>>>

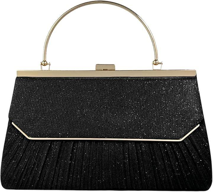 個性的なゴールドフレームに優雅なプリーツにラメ加工が美しくきらめく華やかなパーティーバッグ。
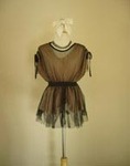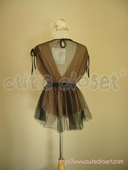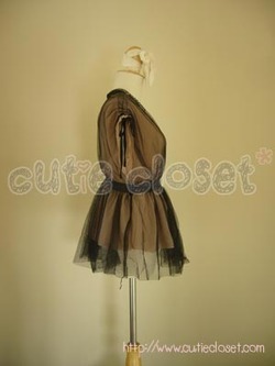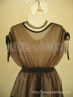 เสื้อคุณหนูผ้าจับจีบคลุมด้วยผ้ามุ้งสีนู้ด-ดำ
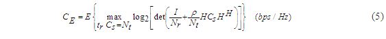 Where Cs is the covariance matrix of transmitted signal vector s and I is the identity matrix with dimension Nr.ρ is the average signal to noise ratio. By definition, the channel capacity is the maximum of the mutual information where the maximization is taken over all possible covariance matrixes Cs and hence the deterministic MIMO channel capacity can be written as:
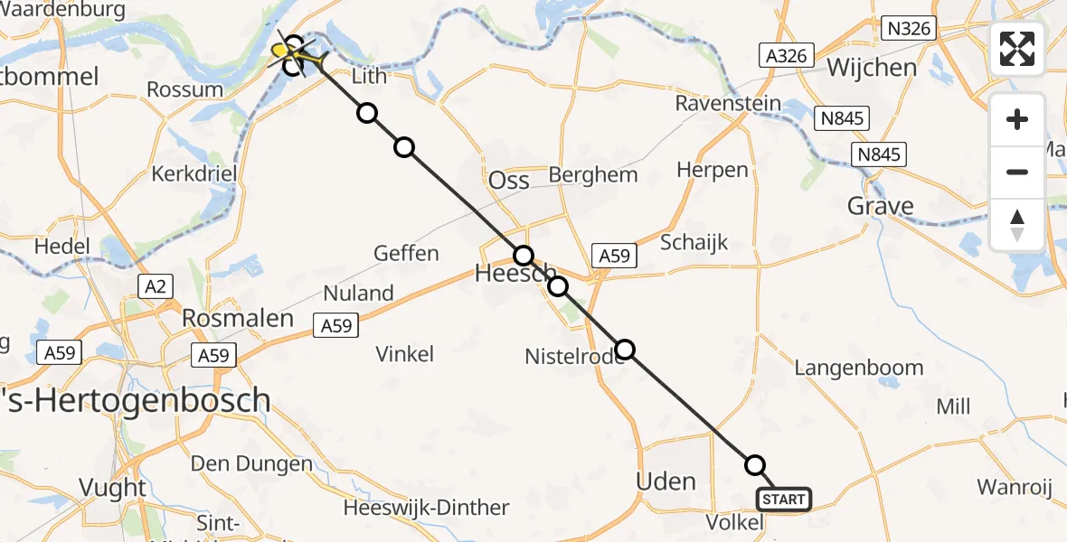 Op zondag 13 juli 2025 om 16:47 is er een Traumahelikopter vertrokken van Vliegbasis Volkel naar Lith. Het gaat om de Traumahelikopter met registratienummer PH-LLN. De vlucht duurde 9 minuten. Het toestel heeft in die periode 29 kilometer afgelegd met een gemiddelde snelheid van 198 kilometer per uur op een maximale vlieghoogte van 335 meter.
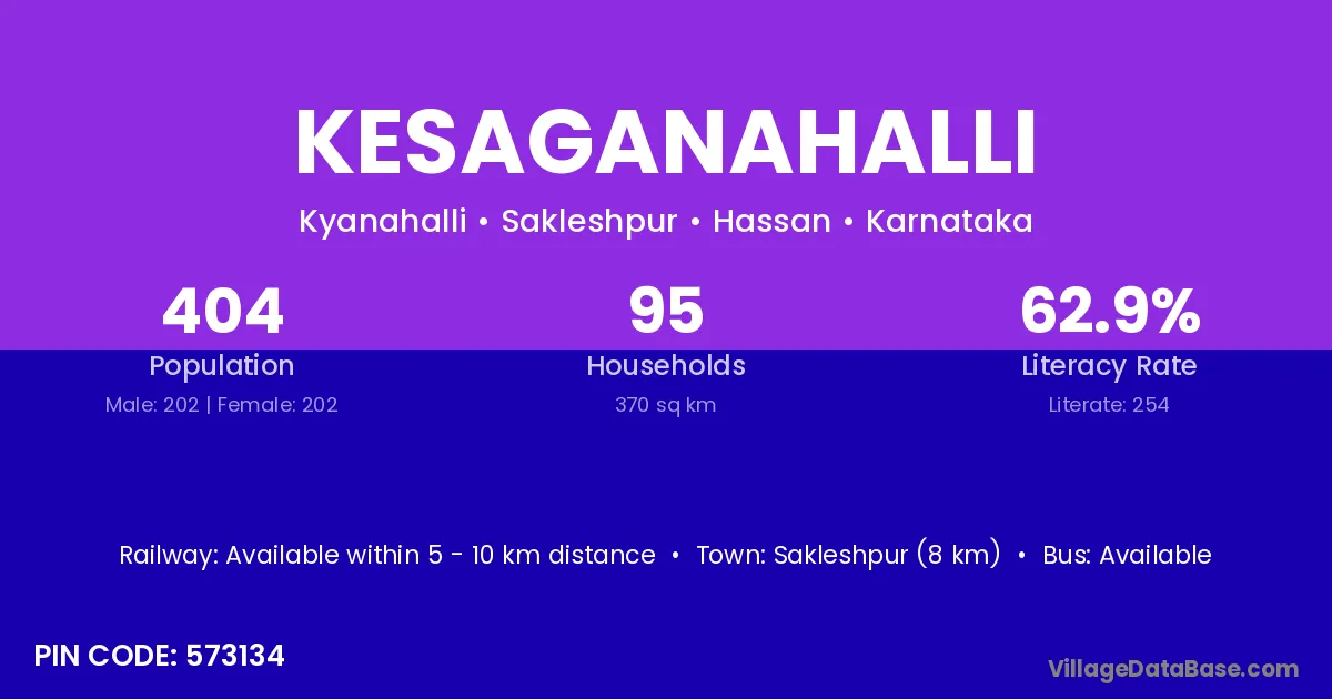 Kesaganahalli village has a total population of 404 people, of which 202 are males and 202 are females.
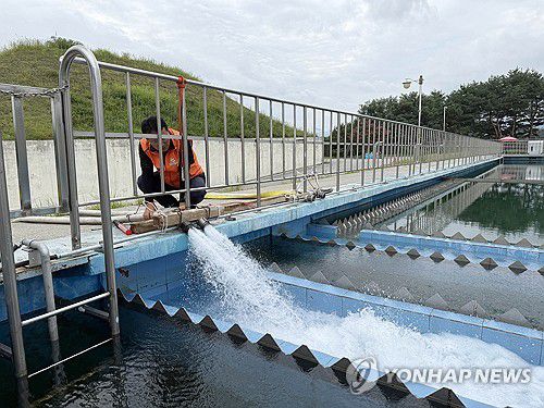 (강릉=연합뉴스) 박영서 기자 = 7일 강원 강릉지역에 최악의 가뭄이 계속되는 가운데 강릉시민 18만명이 사용하는 생활용수를 공급하는 홍제정수장에서 강릉재향소방동우회 회원들이 운반급수를 돕고 있다. 2025.9.7
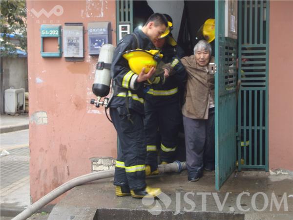 随后,有居民发现打手机报警,十几分钟后,四辆消防车赶到现场。因为新五村5号小区是老式旧小区,没有配备消防栓,消防官兵只能在从一楼取水。随后,官兵们搭起喷水枪,奋力往起火楼道上杂物喷水。火势渐小后,几名消防民警进入屋内,将陈奶奶背下6楼,彻底排查火情。下午1点30分左右,大火终被扑灭。
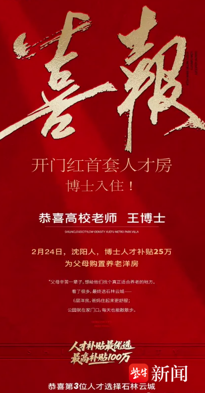 就南京房地产市场而言,扬子晚报/紫牛新闻记者注意到,春节假期后的首个工作日,南京已有一批楼盘晒出了成交喜报。如雨花板桥的石林云城发布喜报称,一位来自沈阳的王博士为父母购置了一套洋房,据了解,这是该楼盘迎来的第三位人才。据悉,今年春节前当地发布人才购房补贴新政,博士可获15万补贴,硕士11万、本科7万、专科3万,同时,购买新滨江片区(板桥、梅山、古雄、开发区)的房源还可额外再补贴10万元,因此这位购房人总共获得博士人才补贴25万。

<<<

What you need to do:
Without the pictures, set down the lines above from the line with "(강릉=연합뉴스) 박영서 기자" up to and including the line with "随后,有居民发现打手机报警,十几分钟后,四辆消防车赶到现" exactly as they stand.

Output for this exercise:
 (강릉=연합뉴스) 박영서 기자 = 7일 강원 강릉지역에 최악의 가뭄이 계속되는 가운데 강릉시민 18만명이 사용하는 생활용수를 공급하는 홍제정수장에서 강릉재향소방동우회 회원들이 운반급수를 돕고 있다. 2025.9.7
 随后,有居民发现打手机报警,十几分钟后,四辆消防车赶到现场。因为新五村5号小区是老式旧小区,没有配备消防栓,消防官兵只能在从一楼取水。随后,官兵们搭起喷水枪,奋力往起火楼道上杂物喷水。火势渐小后,几名消防民警进入屋内,将陈奶奶背下6楼,彻底排查火情。下午1点30分左右,大火终被扑灭。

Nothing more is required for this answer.